Das Bogensee-Areal nördlich von Berlin trägt eine doppelte historische Last: Während der NS-Zeit ließ sich Propagandaminister Joseph Goebbels dort eine Villa errichten, in der DDR-Zeit diente das Gelände dann der Freien Deutschen Jugend als Ausbildungsstätte. Seit dem Jahr 2000 steht das etwa 16 Hektar große Areal im Landkreis Barnim leer und verfällt zusehends.
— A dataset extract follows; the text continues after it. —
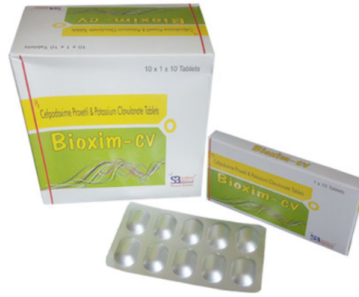
CEFPODOXIME PROXETIL 200 MG + POTASSIUM CLAVULANATE 125 MG TABLETS

Eigentümer des Geländes ist das Land Berlin, das jedoch weder finanzielle Mittel noch Interesse an einer Entwicklung des Areals hat. Der Berliner Senat hat die Fläche bis Ende 2027 unentgeltlich der Gemeinde Wandlitz zur Nutzung überlassen. Der Landkreis Barnim zeigt sich zuversichtlich, trotz der schwierigen Historie einen Investor für das Gelände zu finden. Die Debatte über eine mögliche neue Nutzung des historisch belasteten Ortes dauert bereits seit Jahren an.

Die Brandermittlungen und die ungewisse Zukunft des Geländes werfen erneut Fragen zum Umgang mit historisch belasteten Orten in Brandenburg auf. Während die Ermittler auf besseres Wetter für ihre Untersuchungen warten, bleibt das Bogensee-Areal ein Symbol für die komplexe Geschichtsaufarbeitung in der Region.